Available data:
=== Section Start ===

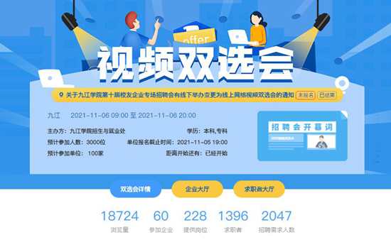 本次招聘会共有来自上海、广州、深圳、义乌、宁波、东莞、杭州、中山、南昌、九江等地的校友企业60家,招聘岗位228个,招聘人数2407名,涉及我校21个二级学院的相关专业。据统计,在此次线上招聘会中,我校2022届毕业生有效点击浏览18724人次,有效简历投递1413人,视频面试279人,最终达成就业意向的毕业生403人。
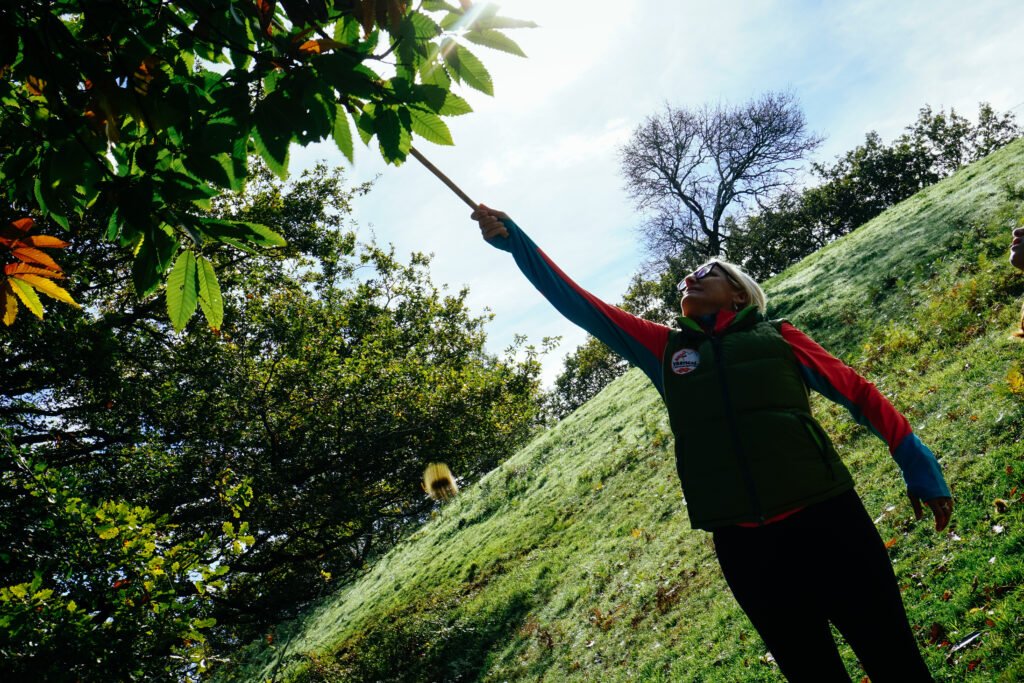Entre preguntas y descubrimientos, el camino va avanzando y aparecen las castañas. Cuando ya tiene un puñado, surge la duda: «¿Dónde se echan?».
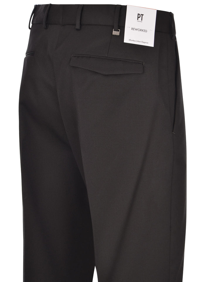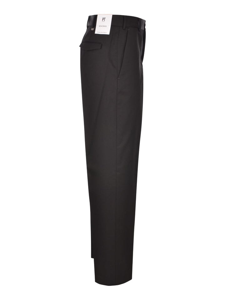 Pantalone MICHAEL con vestibilità wide leg in drill di pura lana con filato doppio ritorto che rende il tessuto molto resistente a strappi e sfregamenti, con aspetto attuale e consistente

=== Section End ===

Exercise objective: Everything from the line with "Entre preguntas y" through the last line above should be reproduced exactly, both ends included; pictures must be omitted.

Answer to this problem:
Entre preguntas y descubrimientos, el camino va avanzando y aparecen las castañas. Cuando ya tiene un puñado, surge la duda: «¿Dónde se echan?».
 Pantalone MICHAEL con vestibilità wide leg in drill di pura lana con filato doppio ritorto che rende il tessuto molto resistente a strappi e sfregamenti, con aspetto attuale e consistente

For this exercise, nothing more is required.